AIM OF THE EXERCISE:
Skip pictures in the listing below; copy exactly the lines from the one with "AZERBAIJAN, Lankaran. 2018." through the one with "The 포구나무 house", inclusive.

DATA RECORDS:
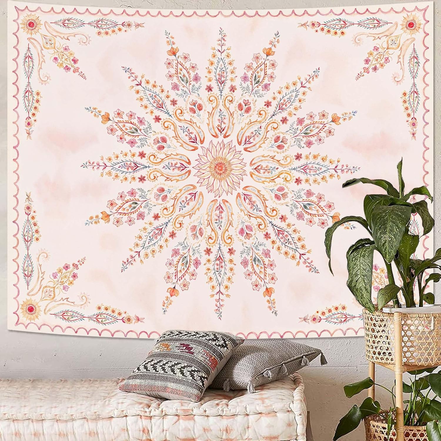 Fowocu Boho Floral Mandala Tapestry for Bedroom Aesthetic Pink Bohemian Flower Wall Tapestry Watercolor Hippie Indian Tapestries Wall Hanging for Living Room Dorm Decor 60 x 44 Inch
==
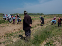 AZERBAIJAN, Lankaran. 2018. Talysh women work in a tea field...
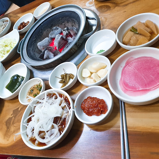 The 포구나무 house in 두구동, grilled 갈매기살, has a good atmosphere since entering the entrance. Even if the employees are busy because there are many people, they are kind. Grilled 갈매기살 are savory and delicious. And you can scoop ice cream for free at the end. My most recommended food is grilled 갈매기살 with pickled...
* * *
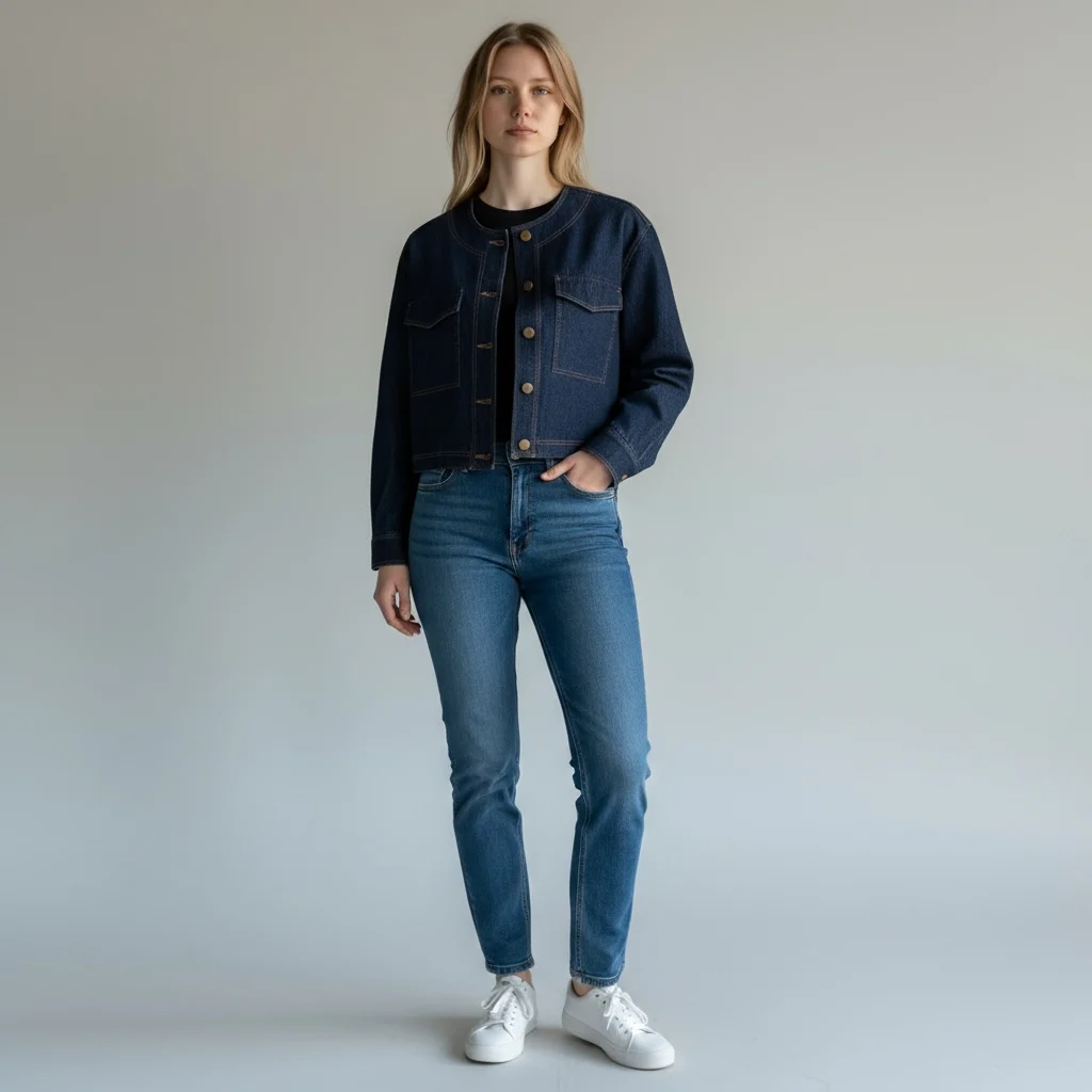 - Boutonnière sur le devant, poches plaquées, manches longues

RESULT FOR THIS EXERCISE:
 AZERBAIJAN, Lankaran. 2018. Talysh women work in a tea field...
 The 포구나무 house in 두구동, grilled 갈매기살, has a good atmosphere since entering the entrance. Even if the employees are busy because there are many people, they are kind. Grilled 갈매기살 are savory and delicious. And you can scoop ice cream for free at the end. My most recommended food is grilled 갈매기살 with pickled...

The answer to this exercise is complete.